The trial court granted UPI’s motion for summary judgment on both its complaint and Case’s cross-complaint, and subsequently granted UPI’s motion for attorney fees for defeating Case’s wage claims. In granting the fee motion, the court applied the version of Labor Code section 218.5 in effect at the time of the summary judgment proceedings, rather than the version in effect at the time it awarded fees, which permits fees to a prevailing employer only when the employee’s wage claims have been brought in “bad faith.”

We affirm the summary judgment, but reverse and remand the attorney fees award. Under California Supreme Court precedent, statutory provisions that alter the recovery of attorney fees are deemed procedural in nature and apply to pending litigation.
The Court explained as follows:

The employer's voluntary, optional training program did not implicate Labor Code section 2802, which requires employers to indemnify employees for necessary expenditures or losses, or 450, which prohibits employers from requiring employees to patronize them. Case did not have to take the course, and UPI did not force him to do so. The Court distinguished In re Acknowledgment Cases (Cal.App. 8/12/15) (discussed here), in which the Court refused to allow the City of Los Angeles to recoup certain employer-mandated training expenses. Nor did the program implicate Labor Code sections 401 et seq., which prohibit the taking of certain bonds from employees.

The program did not violate Business and Professions Code 16600, which voids "every contract by which anyone is restrained from engaging in a lawful profession, trade, or business of any kind." Case volunteered for the program and agreed to repay the training costs if he left UPI. The agreement did not prohibit or even limit him from working elsewhere, which he in fact did. It only required him to re-pay a prorated part of the training costs.

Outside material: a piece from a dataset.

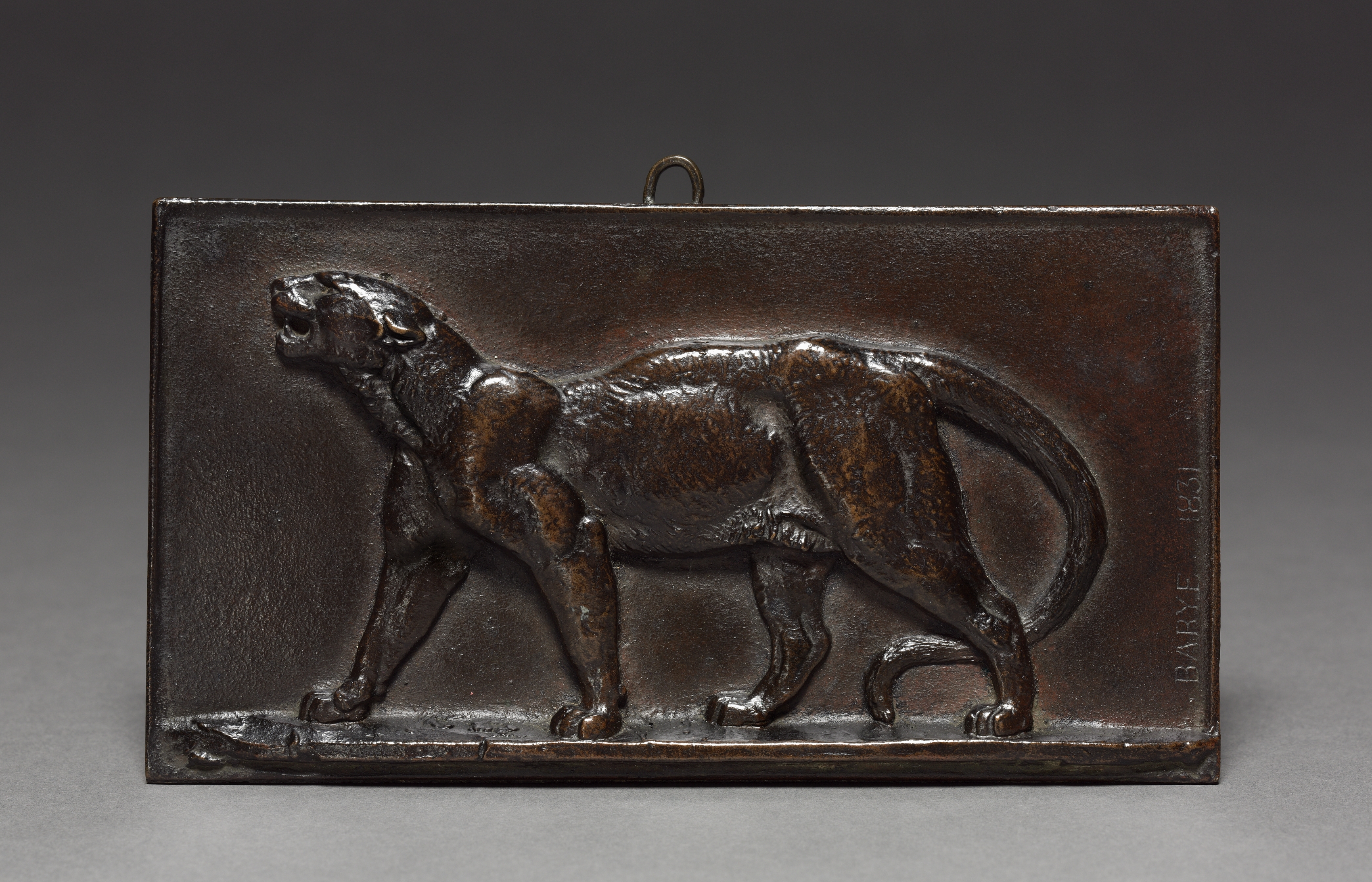 Dark brown rectangular bronze plaque with a raised relief image of a leopard walking to the left, mouth open. The leopard's body is in a side view, with its front left leg and back right leg visible. The plaque has a small loop at the top for hanging. The artist's signature "BARYE 1831" is engraved on the right side. The background is a gradient of dark gray to light gray.

The agreement did not violate agreement did not violate sections 158(a)(5) and 159(a) of the National Labor Relations Act (NLRA), which prohibit employers from refusing to bargain collectively with employee representatives and provide that such representatives are the employees' sole bargaining agents. "An employee’s separate individual contract that is consistent with [a] collective bargaining agreement may be enforced." Case's MOU expressly authorized the reimbursement agreement, so the agreement was consistent with the MOU. 

The agreement did not lack consideration. UPI continued to pay Case his wages while enrolled in the program. In addition, Case received the training and, in consideration, agreed to repay a portion of the costs if he left. "That either Case or UPI could have terminated the agreement by ending the employment relationship at some point during the educational program does not render illusory the parties’ bargained-for exchange...." 

The agreement was not procedurally unconscionable. It was negotiated between UPI and the union, parties with equivalent bargaining power. The reimbursement provision was not a surprise, and Case could have obtained the training elsewhere if he so chose. 

Even if the agreement had been procedurally unconscionable, it was not substantively unconscionable. There was no evidence that the union colluded with UPI to overstate the training cost, and the agreement required Case to repay only a portion of it. 

Finally, the agreement did not violate Labor Code sections 221 to 223, which prohibit employers from recouping, withholding, or secretly paying less than agreed wages. 

UPI could not recover its attorney fees and costs from Case under the version of Labor Code section 218.5, which governs attorney fee awards in actions for the nonpayment of wages. Effective January 1, 2014, section 218.5 allows employers to collect such fees " only if the court finds that the employee brought the court action in bad faith." Although nothing in the legislative history indicated an intent to apply the amendment retroactively, under California law, "a new statute authorizing an award of attorney fees" or a statute "increasing or decreasing litigation costs, including attorneys’ fees" applies to actions pending at the time of enactment. This case was pending when the legislature amended section 218.5, and in fact the amendment went into effect before the trial court awarded UPI its fees. The court erred in not applying it. On remand, UPI would have to show bad faith to recover its fees.